ACLU suit to overturn Pa. ban on same-sex marriage begins long trail of litigation
A lawsuit filed in federal court Tuesday challenges Pennsylvania’s ban on same sex-marriages. It comes just weeks after the Supreme Court ruled the federal government must recognize legally married same-sex couples.
Among the 23 Pennsylvanian plaintiffs are Dara Raspberry, who stood with her wife, Helena Miller, and 6-week-old daughter, Zivah, in Harrisburg after all the paperwork had been filed.
The couple wed in Connecticut, lived in New York where the marriage was recognized, then moved to Philadelphia in 2011.
“It is upsetting that we moved to be closer to family yet our move caused us to suddenly become unmarried and less of a family in the eye of our state’s laws,” Raspberry said.
The Supreme Court’s decision last month in United States v. Windsor left in place the patchwork of laws that leaves Raspberry and Miller with a marriage certificate from Connecticut but no protections under Pennsylvania law.
Furthermore, they can’t file taxes together or qualify for their partner’s social security, because certain federal agencies rely on the rules about marriage in the state where the couple lives, not where they were married.
Deb Whitewood of Allegheny County says her community accepts her commitment to her partner, Susan, and their three children.
“Our friends, our family, our church family, the kids and the teachers at my kids’ school – they all recognize us as a true family and we feel that it’s time the commonwealth of Pennsylvania did so as well,” Whitewood said.
Cases may ultimately reach U.S. Supreme Court
It’s fair to say just about everyone saw this coming, observed Burton Caine, the Temple professor of law who was formerly the head of Pennsylvania’s ACLU.
“What you have to do is simply litigate — case by case by case, local conditions, local laws and local constitutions — before the case gets back to the United States Supreme Court, which probably will in the next five years or so, and then the Supreme Court will have to decide what it ducked this time,” he said.
“It is exactly what Justice Scalia warned would happen in his dissent in Windsor,” pointed out Nancy Knauer, Caine’s colleague at Temple.

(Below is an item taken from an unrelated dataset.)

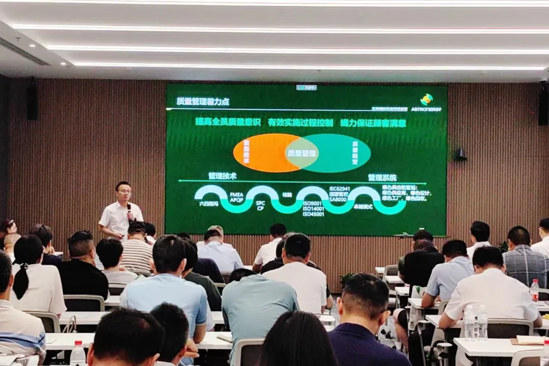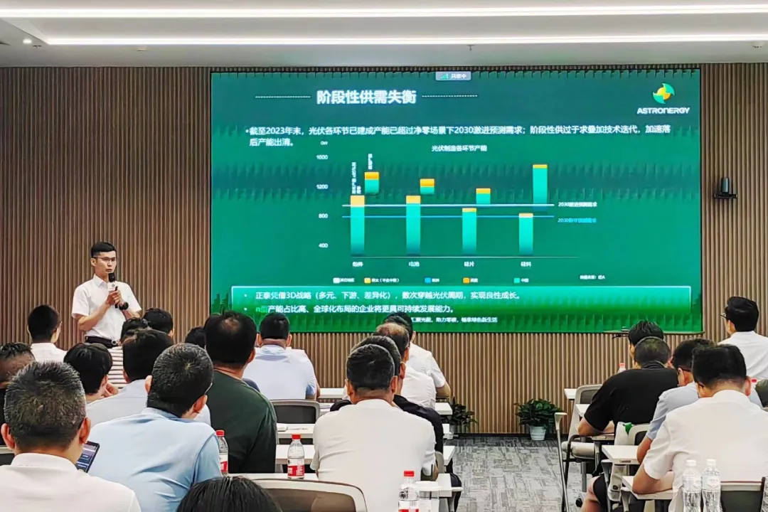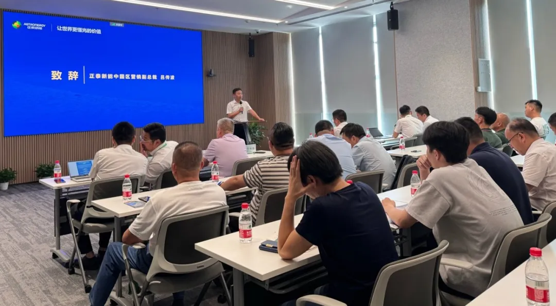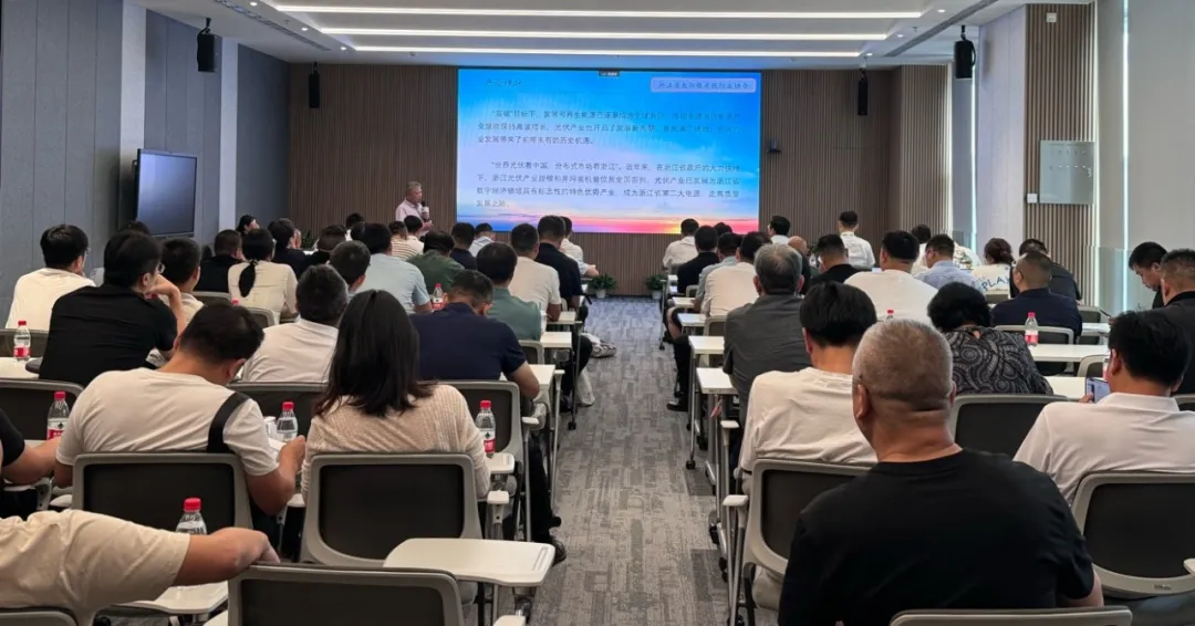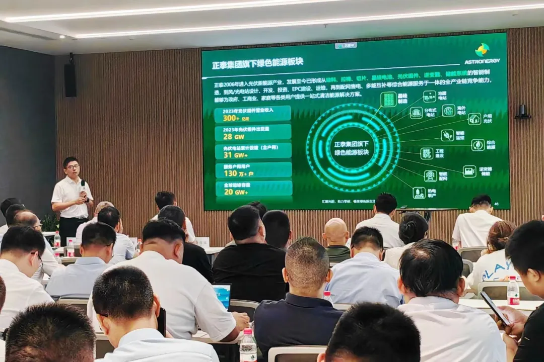 浙江省太阳能光伏行业协会秘书长沈福鑫,正泰新能中国区营销副总裁吕传波、智能制造区域总经理刘古岩、组件技术总监张光斗、全球质量保证总监甘海平、全球产品技术服务高级经理杨天峰等参与会议。

In his dissent to the Windsor ruling, Justice Antonin Scalia, in the passage most-often quoted for his creative use of language, predicted that “the real rationale of today’s opinion, whatever disappearing trail of its legalistic argle-bargle one chooses to follow, is that DOMA is motivated by ‘bare … desire to harm’ couples in same-sex marriages. Supra at 18. How easy it is, indeed how inevitable, to reach the same conclusion with regard to state laws denying same-sex couples marital status.”
Public opinion nationally, and in Pennsylvania, has moved in favor of same-sex marriage relatively quickly.
A Franklin & Marshall poll earlier this year found 52 percent of registered voters surveyed in Pennsylvania are in support and 41 percent are opposed.
Mary Wilson contributed to this report.